Sleeping Beauty is as concept-heavy as you can expect anything from May's Bruiser Theatre Company to be, but free of the purism and restrictions of literature. Concise but smart in casting & writing, and economical but sparkling in set & costume design, it is the absolute polar opposite of its title character's dormancy.

The show is unapologetically loud, proud and camp. It is mad, and I mean – in absolutely off-the-scale levels – mad.

This is the kind of production where the baby princess is tossed in the air – don't worry, it's a doll! – in pass-the-parcel. Where the villain isn't invited to a party because it wasn't posted up on Facebook and he has no friends.
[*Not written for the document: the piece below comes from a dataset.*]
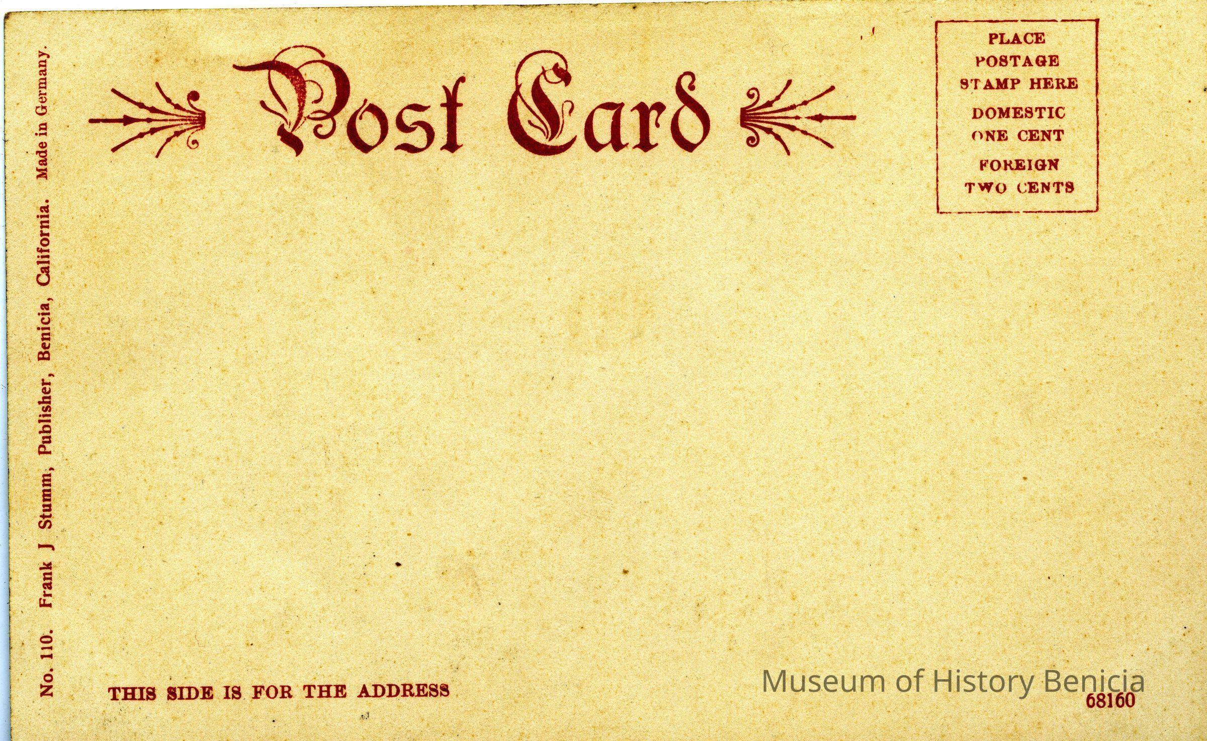 This is a address only back postcard of the "Episcopal Church" in Vallejo. It is colored and was published by Frank J. Stumm Publisher Benicia, Cal No 110. There is a photo on the front of the Methodist Episcopal Church that was on Virginia St. in Vallejo and nearby buildings.Collection

And where the princess sings the closing number of the first act in a zombified state.

And yet... it works. Very, very well. It's a refreshing alternative to the flashy showiness and restrictive regimentation of many high-profile Christmas shows. Now, such madcap inanity can be off-putting – you still have to care about what's going on. But with an ensemble as compact and focused as this, that's not too big a deal. I'd be Scrooge if I thought it was.
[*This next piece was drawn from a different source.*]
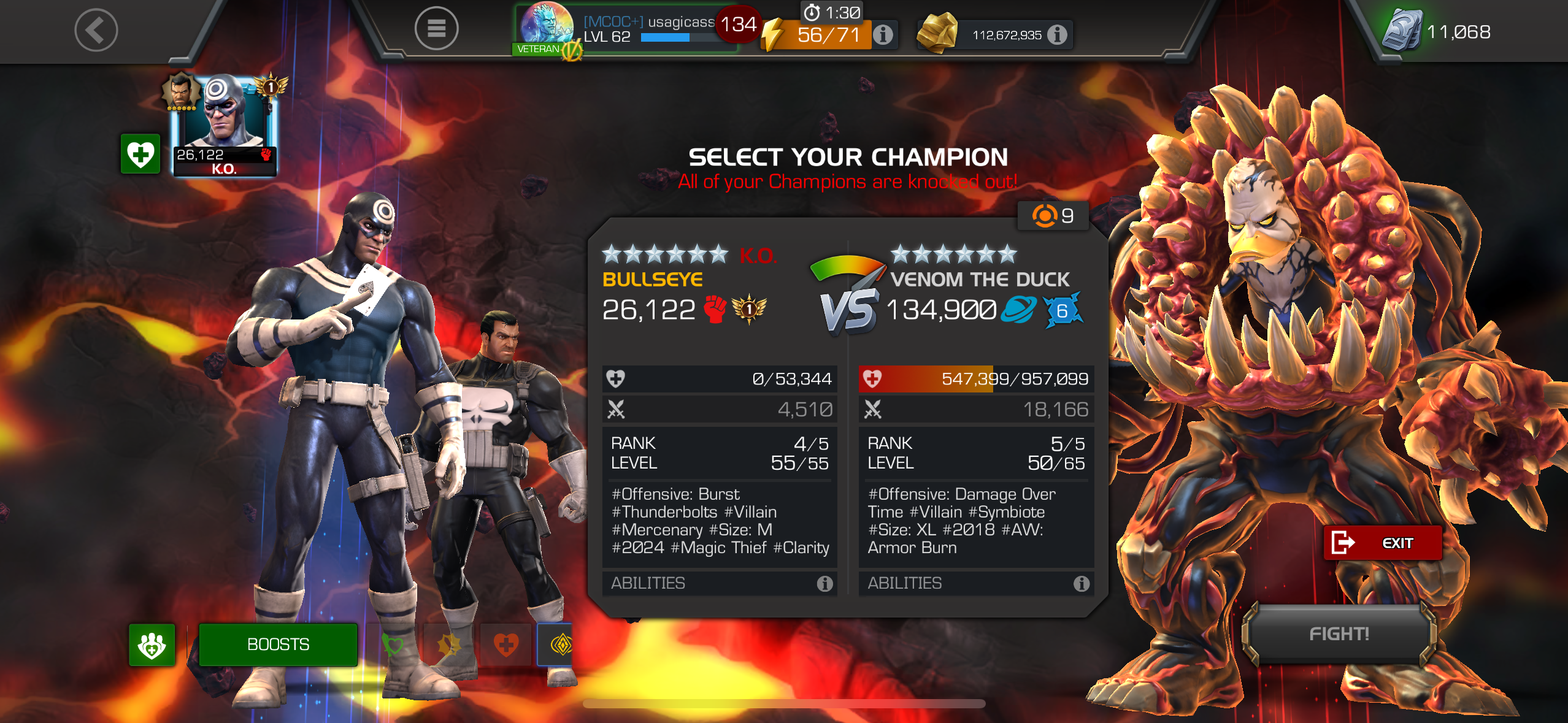 I am frustratingly STUCK at Venom the Duck, of all people. You are supposed to use high crit champs, so I’m using Bullseye, but each time you crit, the defender gets an Unblockable charge.

Kicking off with a song to match the tone of The Muppets' great "Hey! A Movie!" for introductions, frills are minimised, thrills are maximised and the fourth wall is broken entirely as the genre-and-time hopping craziness is unleashed. The three fairies from Starmont (groan), otherwise known as Stardust (Emer McDaid, a sparky, hilarious presence), Muddles (Nuala Davies, ditto) and Nana "Banana" Magee (Gordon "Trudy Scrumptious" Crawford, a truly game dame) take on Gary Crossan's wickedly hammy Maleficent with all the clownish and amiable verve they can muster.
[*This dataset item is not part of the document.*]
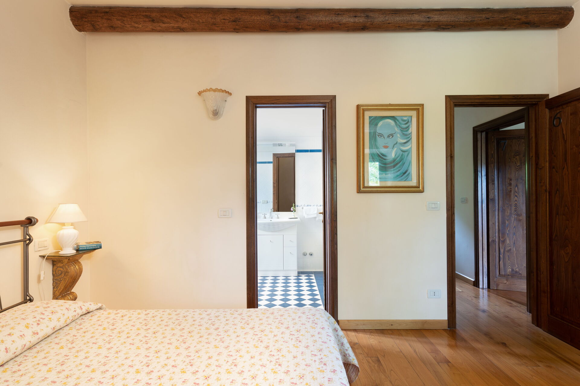 Bedroom + Ensuite Bathroom: double bed, WIFI internet, air conditioning, basin, toilet, bidet, shower, hairdryer.

Whether or not they or Gavin Peden's Prince Harry Smiles (not Styles – this panto goes in more than one direction!) save Jolene O'Hara's lovely Princess Beauty from the dreaded curse of the spinning wheel is secondary to the puns and sketches that constantly hop back and forth over the centuries with no respect for traditional locales and narrative. And frankly, would you even want there to be? Even O'Hara looks done up like Frozen's Elsa, suggesting that we should basically (again, I can't help it) let it go – and I wouldn't disagree, especially in a small studio like the Waterfront's.

It's a given that the big production numbers are delivered with real brio, but, as is typical of May's plays, the ingeniousness is in the at times chaotic but generally clever innovation. We get moments like "The Great Maleficent Bake-Off", Muddles performing a duet with a dozing Beauty as a puppet on her knee, chat-up lines that go beyond Blind Date levels of cringe ("I'm a single Pringle if you fancy a date, once you pop, you can't..." "STOP!"), and three giant cannibalistic chickens from Kentucky (played by our good fairies!) who think princes taste finger lickin' good. (Seriously.)

By the time the motor-mouthed Stardust and Muddles conduct either side of the auditorium in a singing contest bordering on exhausting, it is hard not to join in or at least grin goofily at the various sketches May and her team have concocted purely for joy this holiday season. The Waterfront's Sleeping Beauty may or may not be "the greatest fairytale of them all", but it is definitely the best value for money panto in Belfast this Christmas. Certainly as far as we, the audience, are concerned.

Simon Fallaha

Sleeping Beauty runs at Belfast's Waterfront Hall Studio until Sunday January 7.